React
- First edition (Spanish)
- Author: José Luis Sampedro Baltasar Garzón Federico Mayor Zaragoza Lourdes Lucía, e.a.
- Original title: Reacciona
- Language: Spanish
- Subject: Economic crisis Politics
- Genre: essay
- Published: 2011 (Ediciones Aguilar)
- Publication place: Spain
- Pages: 176
- ISBN: 978-84-03-10200-2

= React (book) =

2011 book by Rosa María Artal

React (from Spanish: Reacciona) is a book by Rosa María Artal published in Spain in 2011 by Aguilar, which compiles articles by José Luis Sampedro, Baltasar Garzón, Federico Mayor Zaragoza, Javier Pérez de Albéniz, Javier López Facal, Carlos Martínez Alonso, Ignacio Escolar, Rosa María Artal, Àngels Martínez Castells, Juan Torres Lopez and Lourdes Lucia.
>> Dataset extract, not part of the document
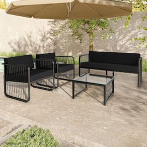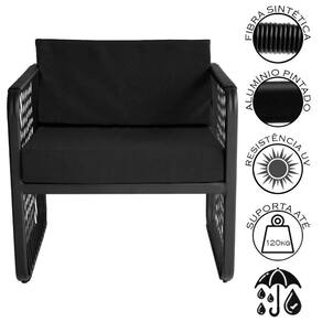 Este elegante conjunto foi desenvolvido para transformar seu ambiente externo com sofisticacao e conforto. Com estrutura em aluminio de alta qualidade e acabamento em fibra sintetica, oferece resistencia e durabilidade para suportar as diversas condicoes climaticas, ideal para areas como gourmet, externas, de churrasqueira, ediculas e muito mais.

The book, edited by journalist Rosa María Artal, is intended to comment on the political crisis that exists in today's society - particularly in Spain - and the need for a social response to the corruption which led to the 2008 financial crisis. It emphasizes the fact that the concentrations of political powers are becoming increasingly distant from the citizenship.

== Background: Time for Outrage!, Hessel's book ==
The book was prefaced by Stéphane Hessel, author of the book Time for Outrage! originally published in France in 2010 and translated into Spanish in 2011.

== Purpose and content of the book ==
The book was written with the intention of raising awareness to the dangers that societies currently face and calls for action, participation and discourages resignation.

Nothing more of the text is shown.